Flash Fiction:The box

April 8th, 2014
Art

Small and wooden the box rested in the boy’s hands. His hands just big enough to touch corner to corner, finger to thumb and end to end. Chipped and painted wood once bright showed evidence of many coats and the boy held onto it for dear life, through all his quiet tears.   Strange people had wanted the box, tall men in biohazard suits.  They towered over him and he couldn’t see their faces.  And voices coming out through the speaker at the front of their suits, far away and remote muffled and clipped.

The boy held the box to his chest watching as the monsters moved around the oxygen plant.  He hid behind big green vats a mixture of genetically modified algae and Bactria bred especially to produce oxygen by processing reclaimed co2.  Plants like this one where everywhere.

The boy walked outside. Away from it all.  He was bred to take care of these plants.  Though he knew it he didn’t fully understand the fact.

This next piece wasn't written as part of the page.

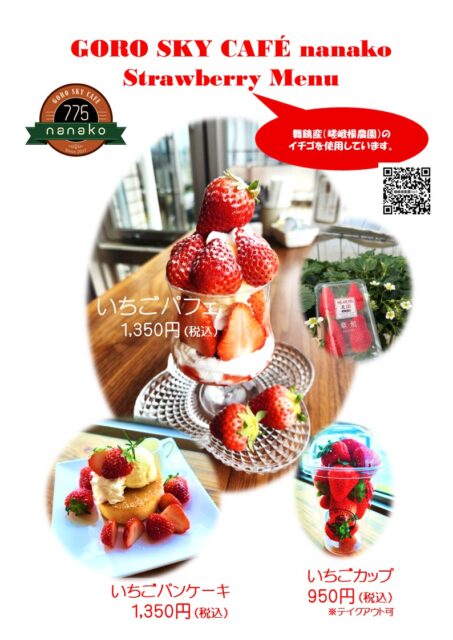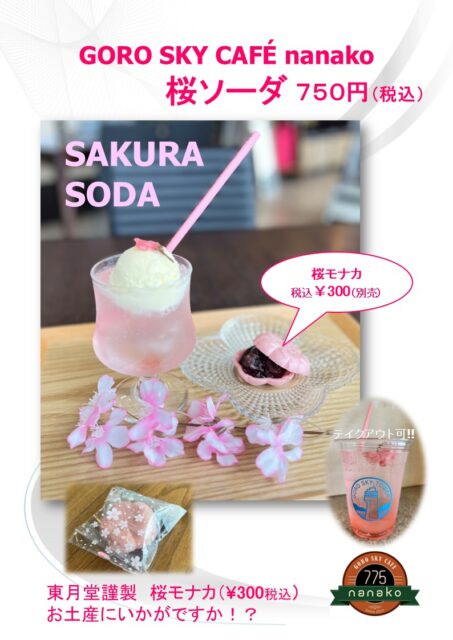 GORO SKY CAFE nanakoでは、 春の期間限定メニュー『いちごパフェ』『桜ソーダ』を3月20日(金・祝)から提供開始致しました!!

It was his fathers box. It was his father who told him about the world before the dust.  Mythical things like trees and plants. Wild animals not confined to gm labs.  His father told him the box used to have a handle and would play a song if you turned it.  There was a hole in one side.  And a seam up the top but the boy couldn’t open it.  His father had said the box contained the last flower.  Though the boy couldn’t see why a flower would want to live in the dark.  It rattled when he shook it.  The last flower on the continent, and maybe the world and it was his. All his.  If he could keep it away from the tall men in their rubber suits.